In fact, many who were lauding a public option as the key to a better healthcare future are now condemning just about anyone who insists that the absence of a public option makes the current bill unworthy of support.
Consider this statement: "If I were a senator, I would not vote for the current healthcare bill. Any measure that expands private insurers' monopoly over healthcare and transfers millions of taxpayer dollars to private corporations is not real healthcare reform."
That statement is as true today as it was when Howard Dean, former chairman of the Democratic National Committee, made it three months ago in a Washington Post op-ed. But now, a concerted political blitz is depicting anyone who takes such a position as a menace to "real healthcare reform."
After devoting vast amounts of time, money, energy and political capital to banging the drum for the public option as absolutely vital during 2009 and through this winter, countless liberal organizations and prominent Democrats in Congress have made a short-order shift.
You are now to understand that the public option isn't essential -- it's expendable. And all of the sudden, people who assert that a public option is a minimal requirement for meaningful healthcare reform are no longer principled -- they're pernicious.
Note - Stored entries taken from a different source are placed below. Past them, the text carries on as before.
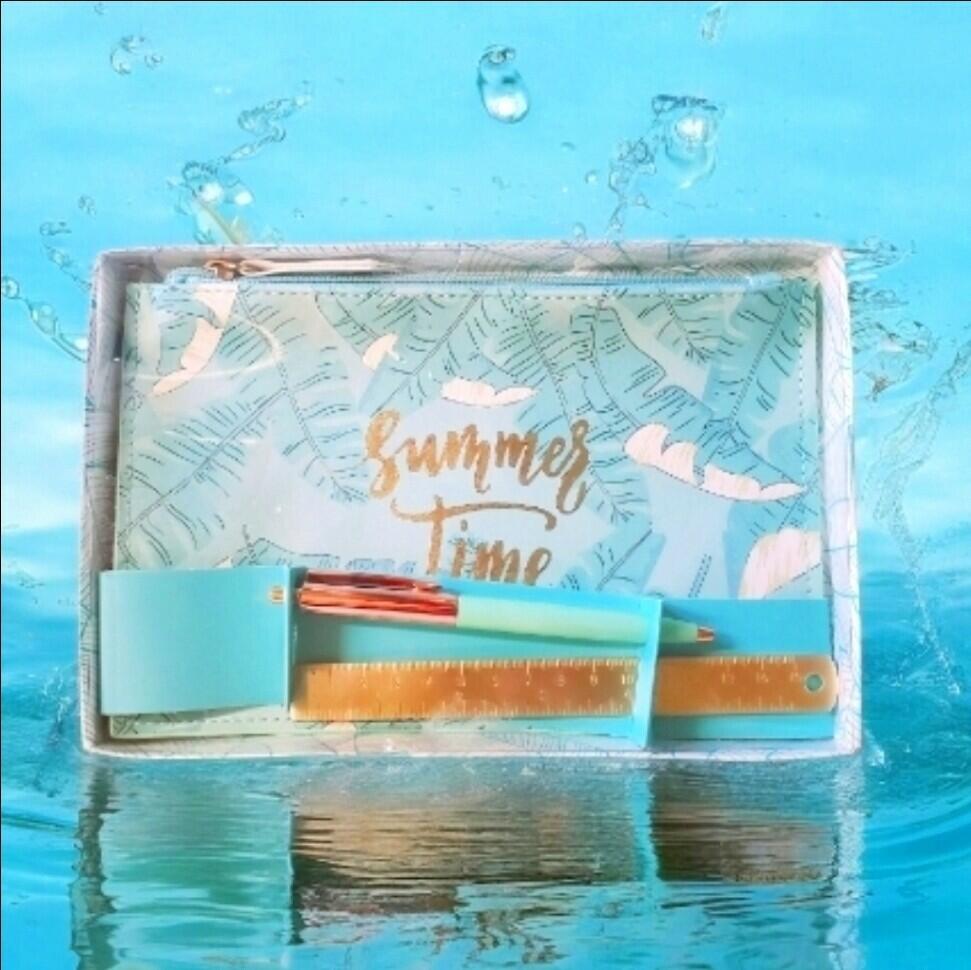 Stationary Set Includes Pouch Ruler & Pen The Pouch says Summer Time on it and has a...
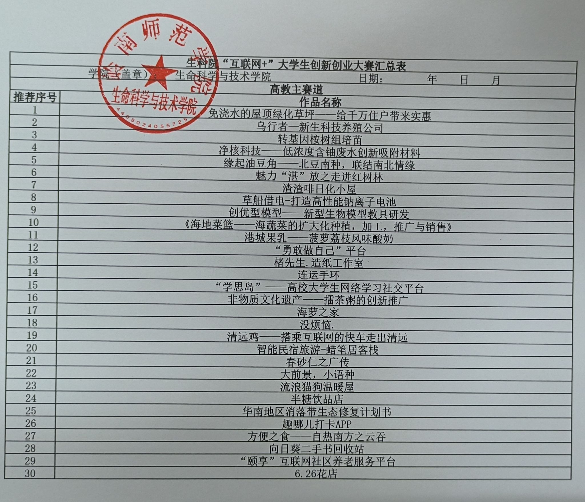 生科院第九届互联网+大赛推送进校赛名单公示
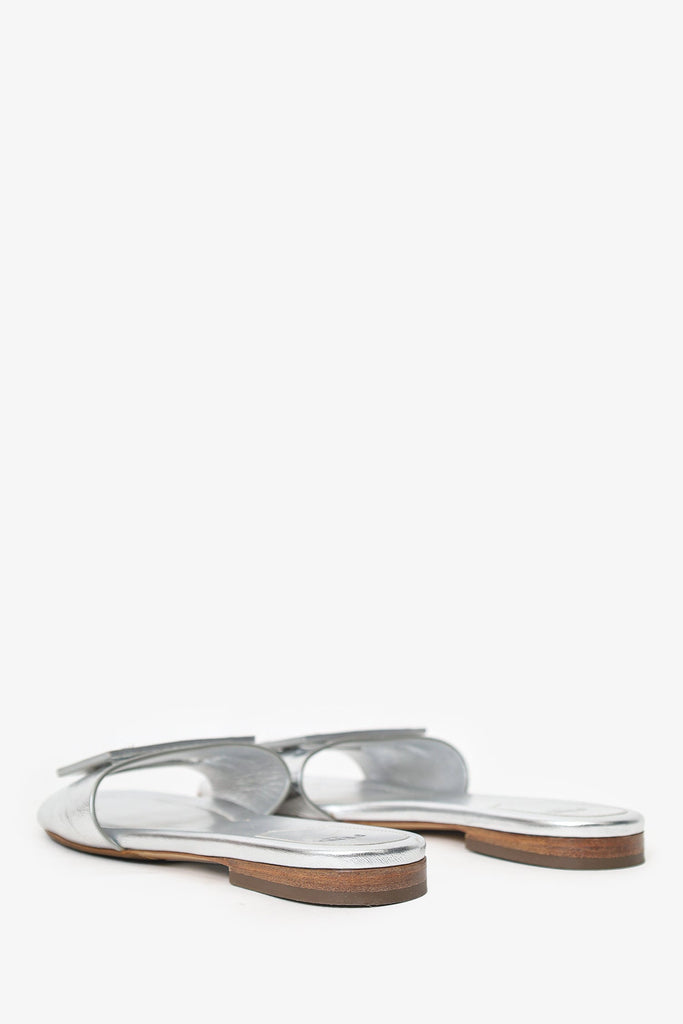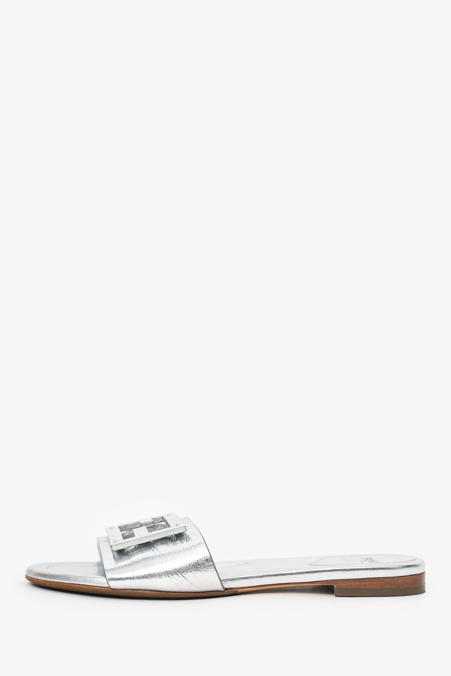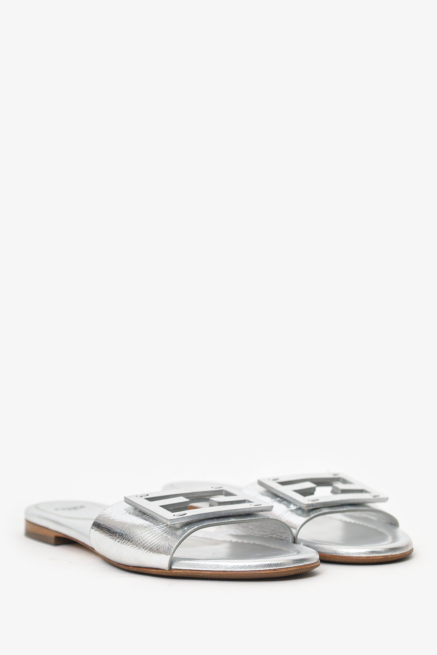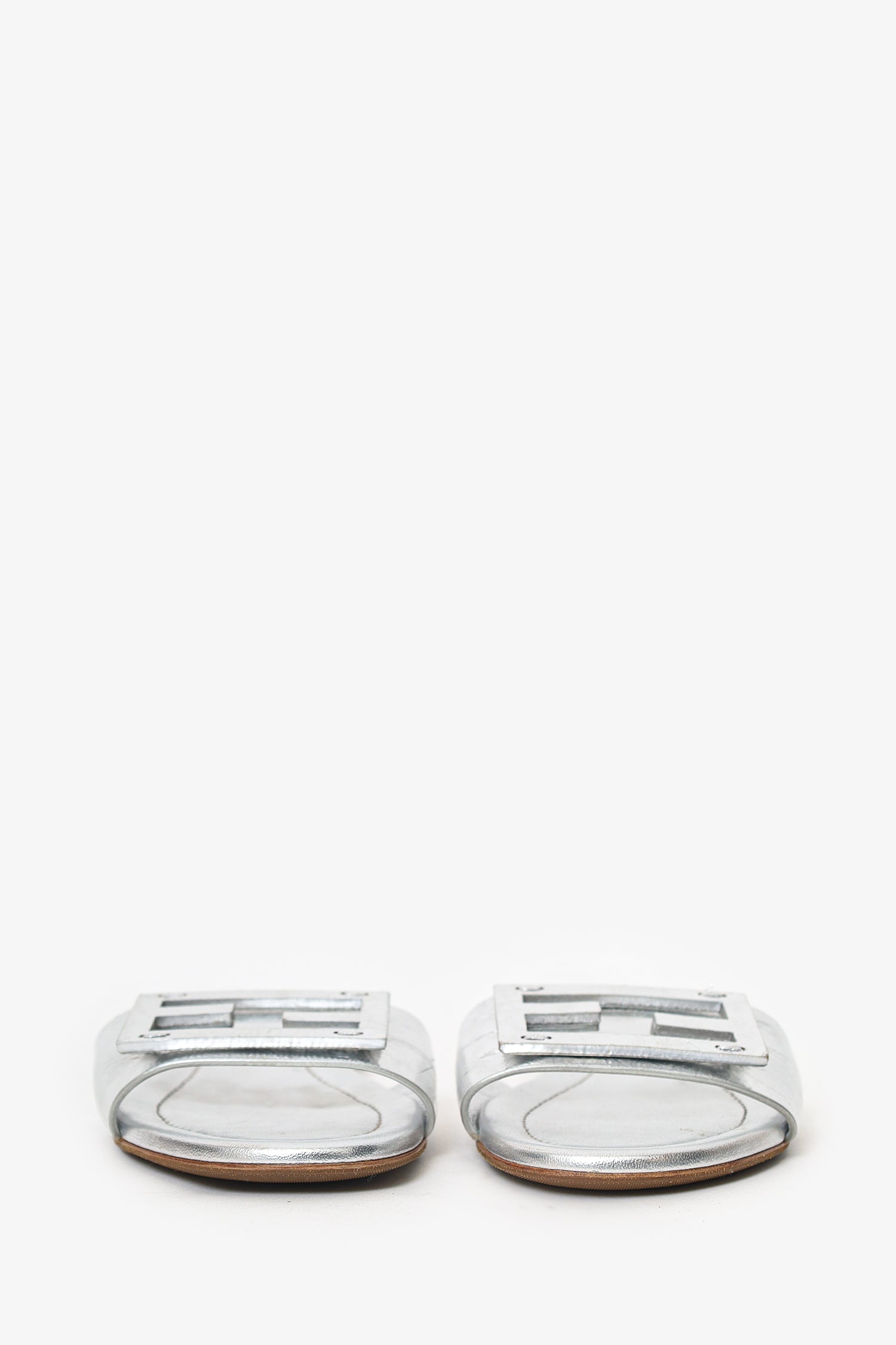 Fendi Silver Metallic Leather Baguette Slide Sandal. Slip-on. Round toe. Lined interior. Silver-tone hardware. Tonal stitching.
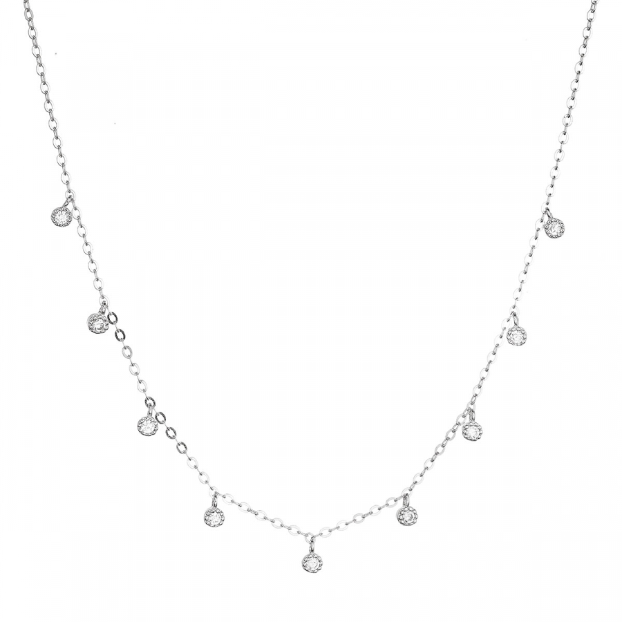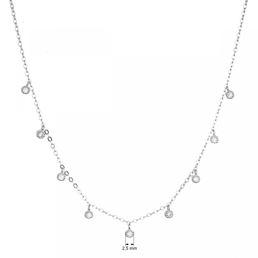 Strieborný náhrdelník má dĺžku 45 cm a je zdobený mnohými malými zirkónmi v bielej farbe. Na náhrdelník bolo použité striebro rýdzosti 925/1000, ktorého povrch prešiel úpravou ródiom . Rhodium šperk ochráni proti sčernaniu, zožltnutiu alebo poškriabaniu. Neobsahuje nikel , a tak ho môžu bez obáv nosiť aj alergici.
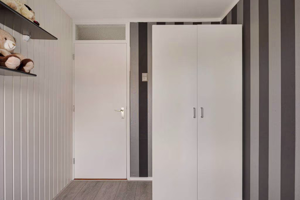 1e verdieping: overloop met toegang tot 3 slaapkamers, waarvan één met vaste kastenwand. De badkamer is uitgevoerd met wastafel, toilet en douchecabine. Op deze verdieping zijn de kunststof kozijnen uitgerust met rolluiken voor extra comfort.
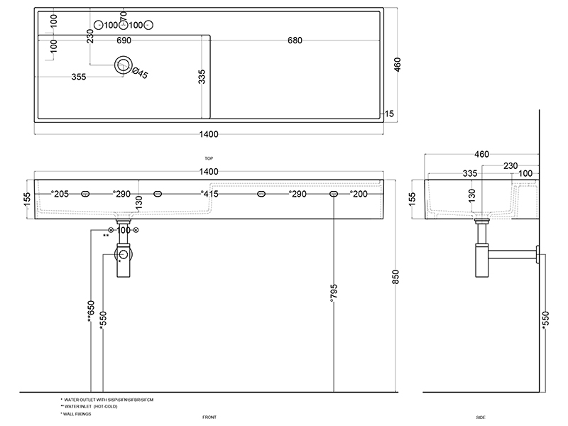 | Отверстие под смеситель | Одно |
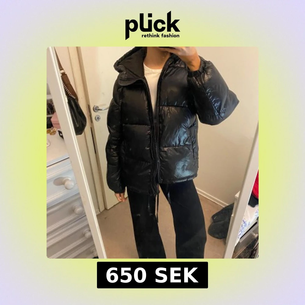 Säljer en svart pufferjacka med dragkedja. Jackan har en glansig yta och är perfekt för kyligare dagar. Den har långa ärmar och en hög krage för extra värme. Passar bra till både vardag och utflykter.
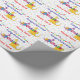 Dinosaur Birthday wrapping paper, A colourful Dinosaur theme Design with colourful text and Dino's. On this design you have a Dinosaur in yellow and one in purple illustrations, colourful party banner and Dinosaur footprint, unique dinosaur design for a unique party. Matching items in store.
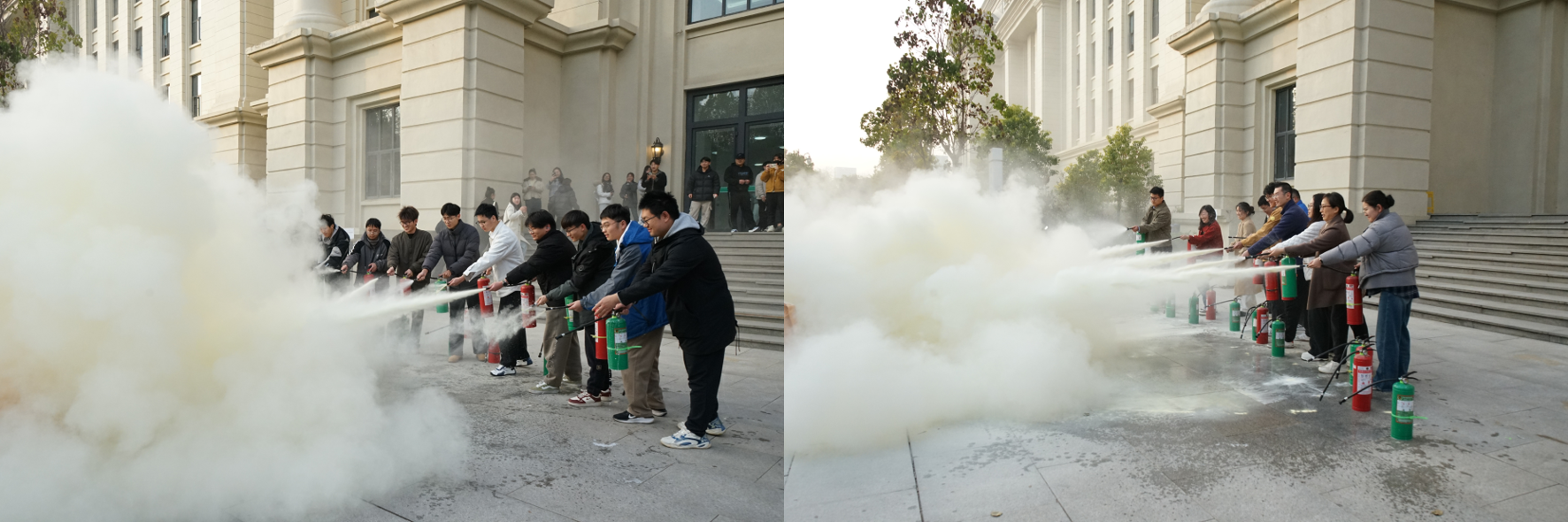 吴昊森做《全民消防,生命至上—安全用火用电》消防安全知识专题讲座。他用直观的火灾事故案例进行警示教育,详细讲解了火灾预防、火场逃生、灭火器材使用等基本知识。在消防演练实操环节,全体师生在教员专业指导下,亲身体验了灭火器使用与火场逃生。我院师生严格运用所学逃生知识,迅速从模拟火场中有序撤离至安全区域,整个过程紧张而高效。
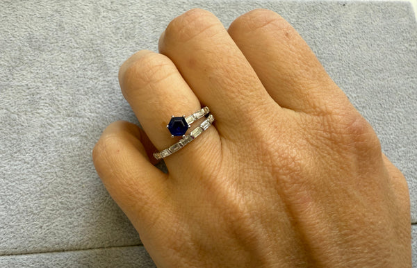 Crafted from Platinum, the magnificent engagement ring comes enriched with 0.77 carats Color H Clarity VVS1 Round Diamond Stone. GIA: 2231480963. Size 4.5 Every single Wedding Ring is handcrafted by...
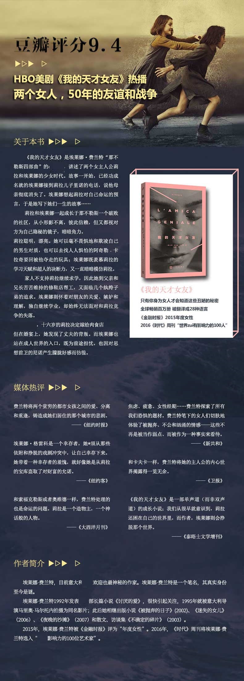 《我的天才女友》是埃莱娜·费兰特“那不勒斯四部曲”的*部,讲述了两个女主人公莉拉和埃莱娜的少女时代。故事一开始,已经功成名就的埃莱娜接到莉拉儿子里诺的电话,说他母亲彻底消失了。埃莱娜想起莉拉对自己命运的预言,于是她写下她们一生的故事……
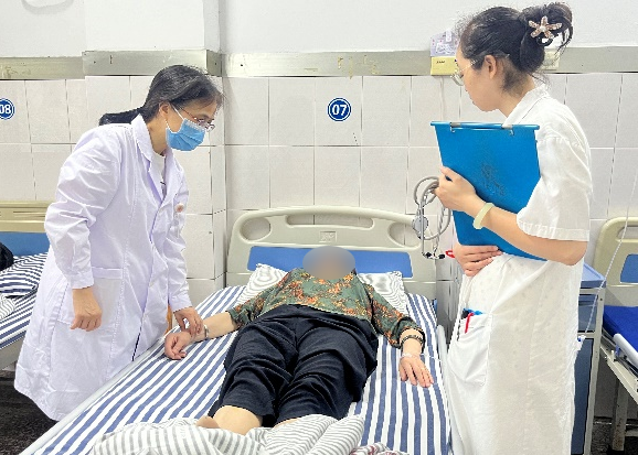 随后,周卓宁专家团队联合兴安县中医医院开展惠民义诊活动。义诊现场,有一位等候就诊的老年男性突发呕吐、意识不清、全身冒冷汗,周卓宁教授迅速至患者身旁查看患者,检查生命体征,发现患者嘴巴有呕吐物、口唇紫绀、面色苍白、不能言语、冒冷汗,初步判断为脑血管疾病,立即协助保持呼吸道通畅,并指导兴安县中医医院医务人员为病人开通静脉通道,并立即送CT室完善检查。周卓宁教授凭借着快速的临场应变和专业救治能力,让患者得以快速救治,病情得以控制,现场群众都为周卓宁教授竖起大拇指。
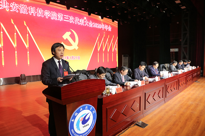 报告指出,2020年是极不平凡的一年。一年来,在省委、省政府和省委教育工委、省教育厅的正确领导下,学校党委以习近平新时代中国特色社会主义思想为指导,深入学习贯彻党的十九大和十九届二中、三中、四中、五中全会精神,认真学习宣传贯彻习近平总书记考察安徽重要讲话指示精神,增强“四个意识”、坚定“四个自信”、做到“两个维护”,坚持立德树人,团结带领全校党员干部和师生员工,统筹推进疫情防控和事业发展,贯彻落实学校第三次党代会精神,顺利完成年度工作任务,党建工作和事业发展取得新成就,硕士学位授权单位创建胜利在望,获省委综合考核优秀等次,为一流应用型大学建设奠定了更加坚实的基础。
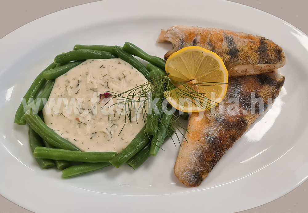Az olajat felhevítjük, a besózott filéket bőrös felületükkel lefelé kb. 3-4 percig sütjük majd hozzáadjuk a vajat és 5-6 percig alacsony lángon fedő alatt rövid idő alatt készre pároljuk. Közben a mártáshoz a vajat felforrósítjuk, megszórjuk liszttel, 1-2 percig hevítjük majd hozzáadjuk a finomra vágott kaprot, felöntjük tejjel, simára keverjük, tejföllel krémesítjük, sóval, borssal, cukorral és citromlével ízesítjük majd kb. 5 perc alatt készre főzzük. A zöldbabot, enyhén sós vízben megfőzzük, lecsepegtetjük. A kész halszeleteket tányérra helyezzük, köretként kapormártást és zöldbabot kínálunk mellé citromkarikával és friss kaporral díszítve.
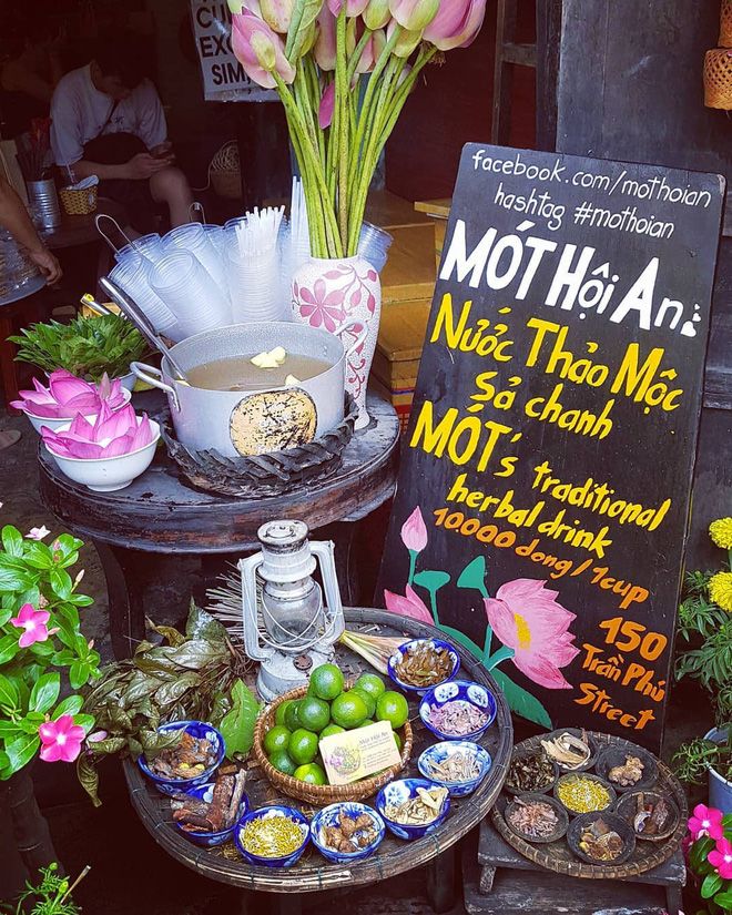 Sinh sau đẻ muộn nhưng giờ đây nước thảo mộc đã trở thành một món đồ uống đặc trưng của Hội An. Đúng như cái tên, nước thảo mộc được nấu từ rất nhiều thảo mộc, hoặc nấu từ chanh sả nên có tác dụng thanh nhiệt rất tốt. Trên hết, gánh nước thảo mộc lúc nào cũng được bày đẹp như một bài thơ nên hiếm ai vào phố cổ mà không ghé đến gánh hàng này.
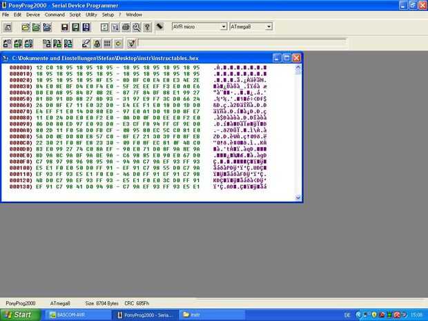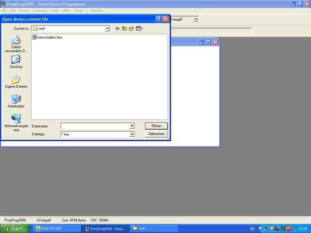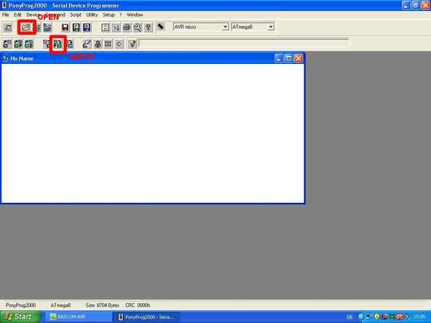en PonyProg, haga clic en abrir y seleccione el archivo .hex que acaba de crear mediante la compilación el archivo .bas en Bascom AVR.
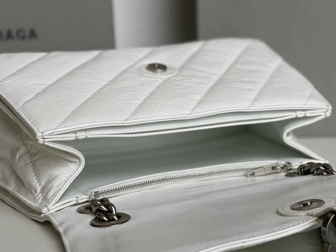 [Medium Oil Wax White]n๐๐š๐ฅ๐ž๐ง๐œ๐ข๐š๐  ๐š crush the most fragrant hourglass chain bag ๐Ÿ›nnFrom the Parisian house 22 years of fall and winter collection – Crush handbags aura of powerful practicality of the big bag strong return! nBreaking the traditional stiff bag type, the use of stitching soft calf leather material, with bold metal slip chain, shoulder strap can be switched at will shoulder crossbody back method, casual atmosphere style welcome lai๐Ÿ‰‘nModel No.: 152 embroidery line nMedium size: 31x20x bottom 12cm nSmall size: 25x15x bottom 9.5cm

This dynamic goes way beyond the routine malleability of political positions. While the whips crack on Capitol Hill, what we're seeing is a stampede of herd doublethink.
*****
I continue to believe that guaranteed healthcare -- a.k.a. single-payer or enhanced Medicare for all -- is the only way to solve this country's enormous healthcare crisis. But early last year, before the public option shrank and shrank some more and then disappeared under the bus of the Obama administration, it appeared to possibly be a significant step forward.
But the White House, even while claiming to want a public option, was cutting deals with the pharmaceutical and hospital industries while ditching the public option. For those who doubt that the administration engaged in double-dealing to such an extent, I recommend the March 16 article by Huffington Post writer Miles Mogulescu, "NY Times Reporter Confirms Obama Made Deal to Kill Public Option."
A postscript from Mogulescu voices a broader outlook. I'll quote a couple of paragraphs here:
"Whenever I write blogs which are critical of Obama and Congressional Democrats for making corporatist deals, I get numerous comments from people who believe they are progressive but say they will never vote for Obama or Democrats again, that they will stay home at the next election, or that they will vote for small third parties who have no chance of winning. It's not my intent to encourage those views. Do people making these comments really think bringing Republicans back to power would make things better? . . .
"Progressives need to have a sophisticated and nuanced relationship with elected Democrats. After the 2008 elections, too many progressive organizations demobilized believing their job was simply to take orders from the White House to support Obama's agenda, whatever it was. That was a mistake. It's equally a mistake for progressives to overreact in the opposite direction and think they can abandon electoral politics and do nothing to prevent the Republicans from regaining power. What's needed is a powerful grassroots progressive movement to force elected officials to do the right thing more often and to counter-balance the power of big money in politics. The periods of progressive change in American politics, like the Progressive Era, The New Deal, and the Great Society, have come when strong progressive movements have forced elites and elected officials to enact somewhat progressive legislation."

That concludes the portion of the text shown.